There’s a lot of great stuff happening at the start of this book, including the play on how mirrors function in fairy tales, and the introduction of Lillith (who we don’t quite know the identity of yet, though Desiderata kind of gives it away in thinking of her and Granny Weatherwax together), and the problems with the fairy godmother wand. But really, it’s all about this lengthy Lord of the Rings parody, in which Pratchett seems to be saying “if the Fellowship had been a bunch of witches, this all would have gone much faster.”

You’ve got Granny shouting at the dwarfs to let them inside the mines instead of bothering with their invisible runes; the gifting of the dwarf version of lembas; then a version of Gollum shows up and is promptly whacked on the head with an oar and sent packing. The dwarf bread is actually my favorite of these details because what Pratchett describes is something closer to hardtack, which is what many fans have presumed as the basis of lembas for decades. (There are so many nice internet recipes out there suggesting that you flavor your “lembas” with almond or lemon or cinnamon, and every time I read them, I think nice try.)

But that’s only the first part of the journey. When the witches travel, they wind up having several books’ worth of adventures in one go. Comedy is one reason for this, of course—the more shenanigans you get up to in a small span of time, the funnier things are. But there’s a sort of understated feminism to the whole business as well because the witches can handle so much with so little fanfare. Which, of course they can, because that’s how being a woman works. You’re expected to juggle numerous aspects of life seamlessly because society dictates that it should be easy for you. It’s not, but plenty of women manage it anyhow.

And sometimes that ability to manage just comes down to pure eccentricity. If Gytha Ogg hadn’t insisted on bringing Greebo along, they likely wouldn’t have averted the whole vampire situation without even noticing that there was one. She’s more than earned her garlic sausages in bed, no matter what Granny says.
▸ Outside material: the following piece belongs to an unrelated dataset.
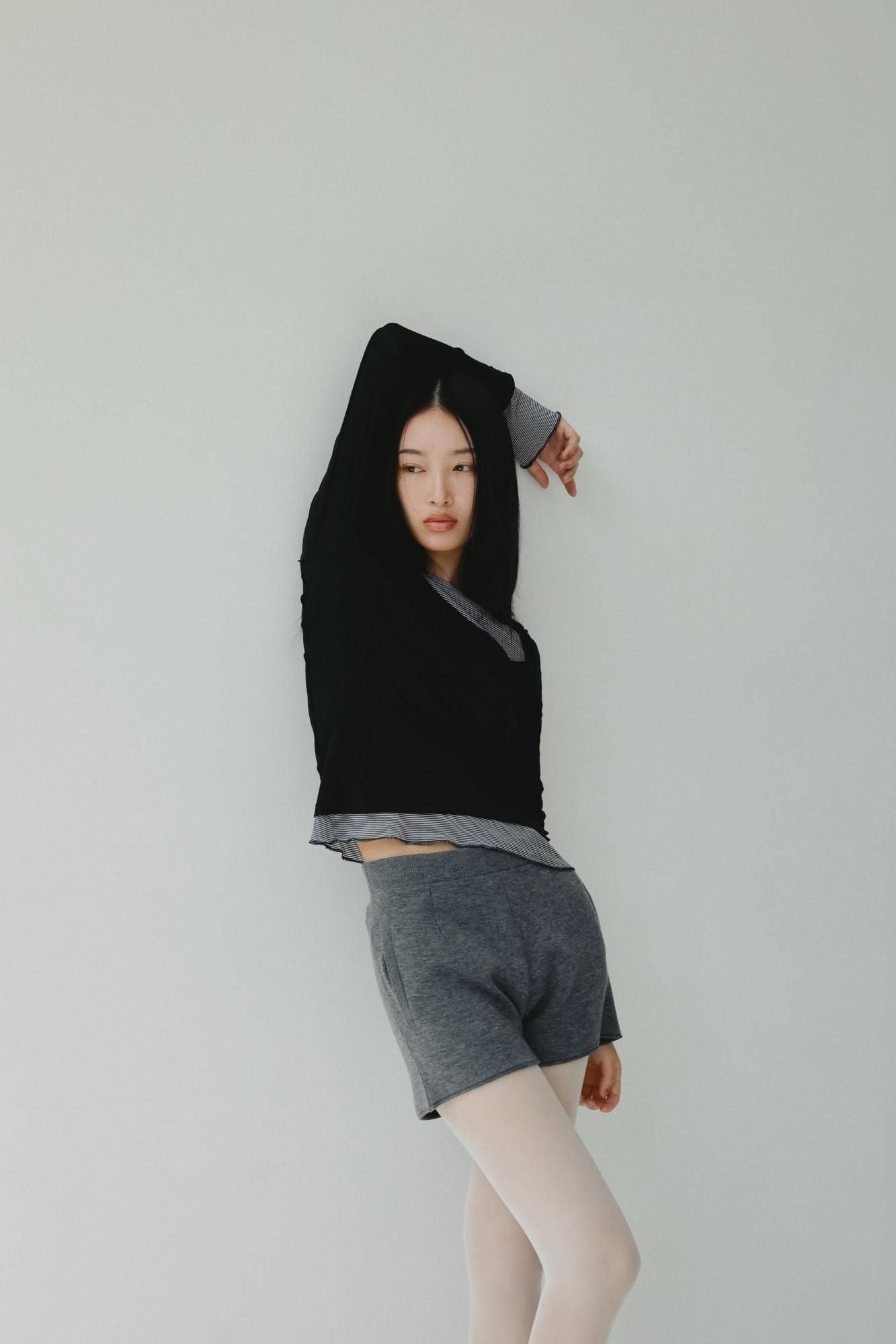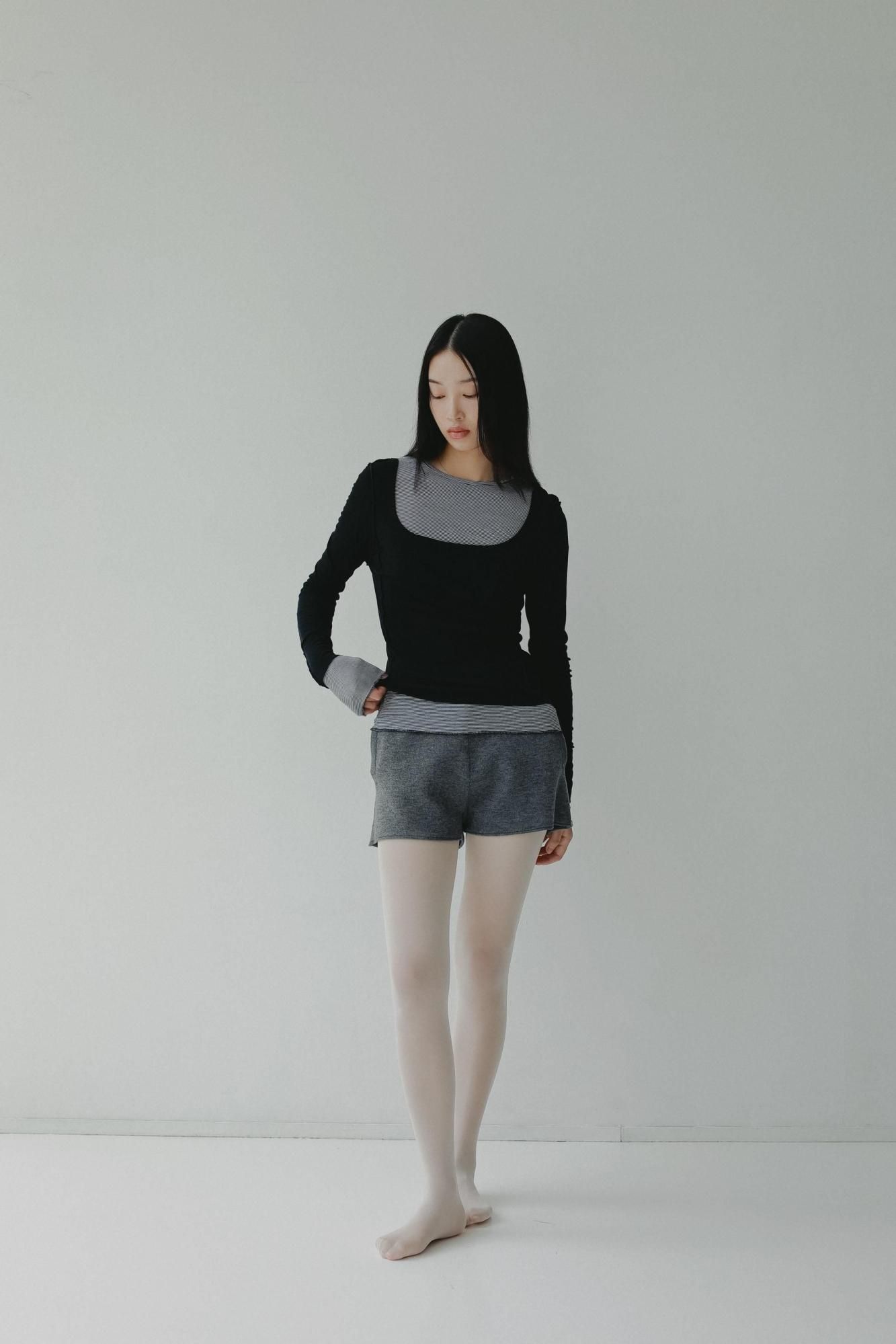 ダブルフェイス編みによる、なめらかな肌触りのニットショートパンツ。

Asides and little thoughts:

  • In the last book there was a mention of pickles and in this book there is too, and it’s from Magrat talking about pickling pumpkins and Granny Weatherwax being horrified at the mere idea of doing pickling for herself. Apparently witches love pickles, but Granny is sure to get them given to her.
  • There’s that bit about Granny making her goose-grease-and-sage chest liniment, and how it keeps colds away because it smells so terrible that people don’t come near you, and my mind immediately supplied “witch products for social distancing.”
  • TEMPERS FUGGIT. Nanny Ogg is a treasure.
  • Another of Dibbler’s side-businesses—self-help ninja books? That definitely sounds like a thing he’d try to make money from. Wonder who publishes the books…

Pratchettisms:

This is a story about stories.

Most witches don’t believe in gods. They know the gods exist, of course. They even deal with them occasionally. But they don’t believe in them. They know them too well. It would be like believing in the postman.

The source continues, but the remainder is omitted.